In an increasingly globalized economy, the principle that profits should be taxed where economic activities occur and value is created underscores the importance of international cooperation. States must work collectively to curb harmful tax practices, ensuring a stable and transparent international tax environment that mitigates tax avoidance risks while fostering investment.
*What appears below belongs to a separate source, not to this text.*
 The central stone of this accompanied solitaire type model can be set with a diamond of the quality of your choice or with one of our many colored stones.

In the context of Lao PDR, tax incentives offered under the investment promotion framework, particularly within concession agreements, necessitate close monitoring to ensure alignment with the OECD BEPS Actions, notably Actions 4, 5, and 6. The existing framework for tax exemptions and incentives reveals a combination of structured regulations and discretionary practices, resulting in a system that is both complex and, at times, opaque. These concessions are primarily governed by the PPP Decree (2020), the Investment Promotion Law (2016), and sector-specific legislation such as the Electricity Law (2017) and the Minerals Law (2017). Over the years, these legal tools have been instrumental in attracting foreign direct investment (FDI) in strategic sectors such as hydropower, mining, and infrastructure. However, ensuring that these incentives do not facilitate BEPS practices is critical to safeguarding the country’s fiscal stability and fostering sustainable economic growth.
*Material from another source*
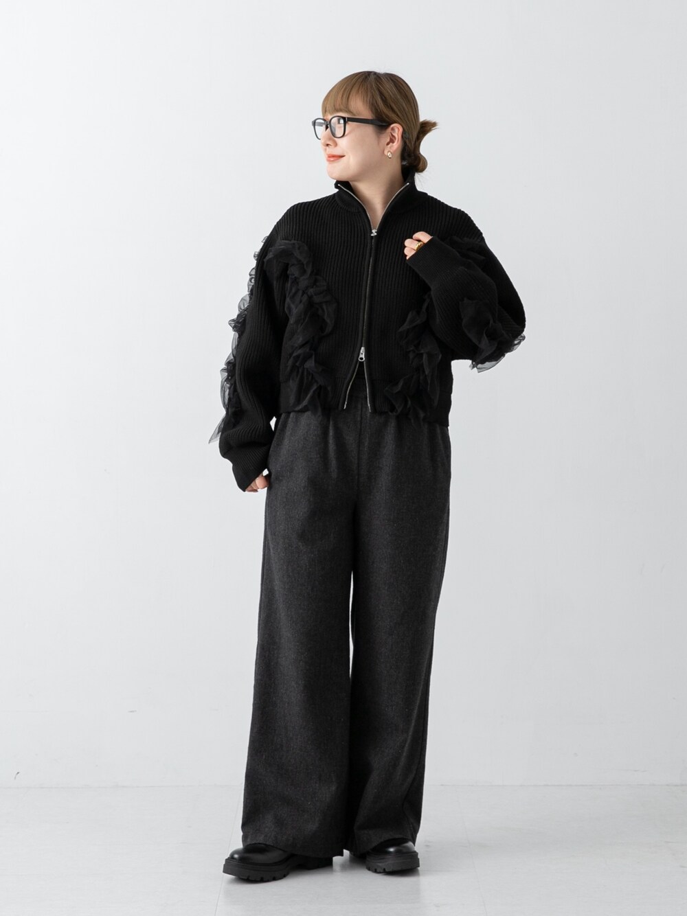 身長:156cm/骨格:ストレート/パーソナルカラー:イエベ春 WEB限定のニットブルゾンは ひらひらとしたチュールがとっても着映えする一着! 素材感としては通年着られるような軽めの糸なので 今から春までお使いいただけます! 今回は幼く見えないように、モノトーンでまとめてみました。 黒は一番甘さも抑えめで挑戦しやすいです◎ どこから見ても着映えするので、 テーマパークに行く時やコンサートなどにも ぴったりだと感じました(*^_^*) ボトムは大人気のツイードパンツ! ウエストゴムなのでとっても楽に着られますよー♪
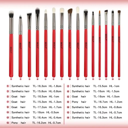 - Wszechstronność: Zestaw zawiera 15 pędzli do różnych funkcji, pozwalając na precyzyjną aplikację cieni, eyelinera i brwi.

This project has been launched in September 2024. The estimated duration of the project is 18 months.

Required profile

  • Advanced degree in Law, Economics, Finance, or Taxation ; a specialization in International Taxation is preferred.
  • At least 10 years of professional experience in international tax policy, BEPS issues, or related fields.
  • In-depth knowledge of OECD BEPS Action Plans and the Global Minimum Tax framework. Having worked with OECD on the BEPS actions will be an asset.
  • Proven expertise in analyzing concession agreements and investment promotion laws from a Tax Policy perspective.
  • Excellent analytical, writing, and communication skills in English
  • Good understanding of the economic and social challenges in South-east Asia would be an asset
  • Demonstrated ability to engage with stakeholders and present complex issues clearly.
  • Fluent in English (fluent in French would be an asset for communication with the Technical Team)

Additional information

The assignment is expected to last 25 working days over a period of 6 month (January to June 2025)
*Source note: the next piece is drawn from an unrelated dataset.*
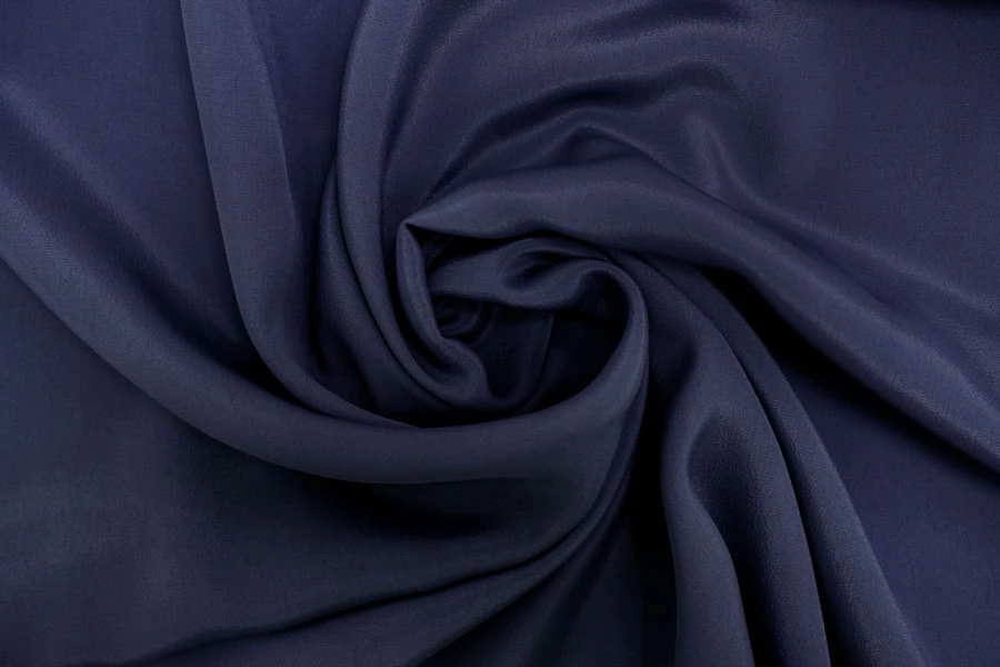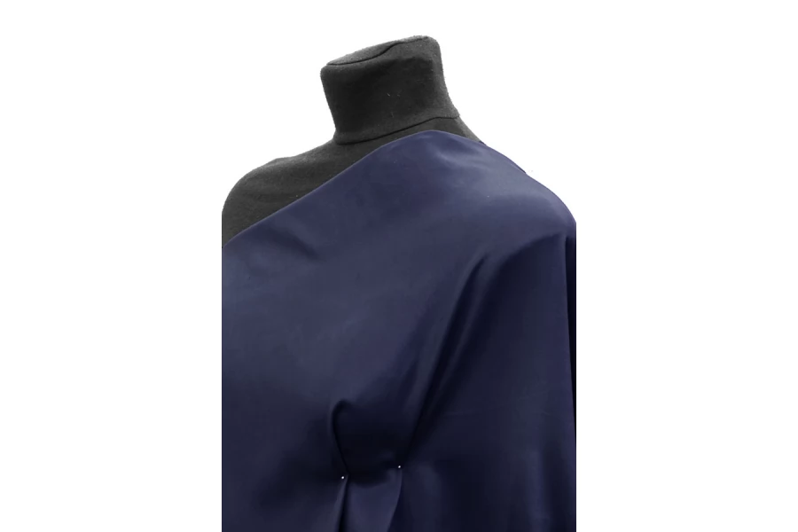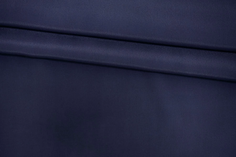 Плательно-блузочный по плотности, крепдешин из шёлка с ацетатом в тёмно-синем цвете. Тактильно слегка шероховатый, легкий и воздушный. Не тянется. Красив в своей пластике и в складках. Немного просвечивает в один слой. Отлично подойдет на платья, юбки, туники и блузки. Уход - деликатный.

Selection criteria for applications

The selection process for candidates will be based on the following criteria :

  • Candidate’s training/skills/experience

Deadline for application : 2025/02/16 23:55

Expertise France is the public agency for designing and implementing international technical cooperation projects. The agency operates around four key priorities :

  • democratic, economic, and financial governance ;
  • peace, stability, and security ;
  • climate, agriculture, and sustainable development ;
  • health and human development ;

In these areas, Expertise France conducts capacity-building initiatives and manages project implementation, leveraging technical expertise and acting as a project coordinator. This involves combining public sector expertise with private sector skills to drive impactful results.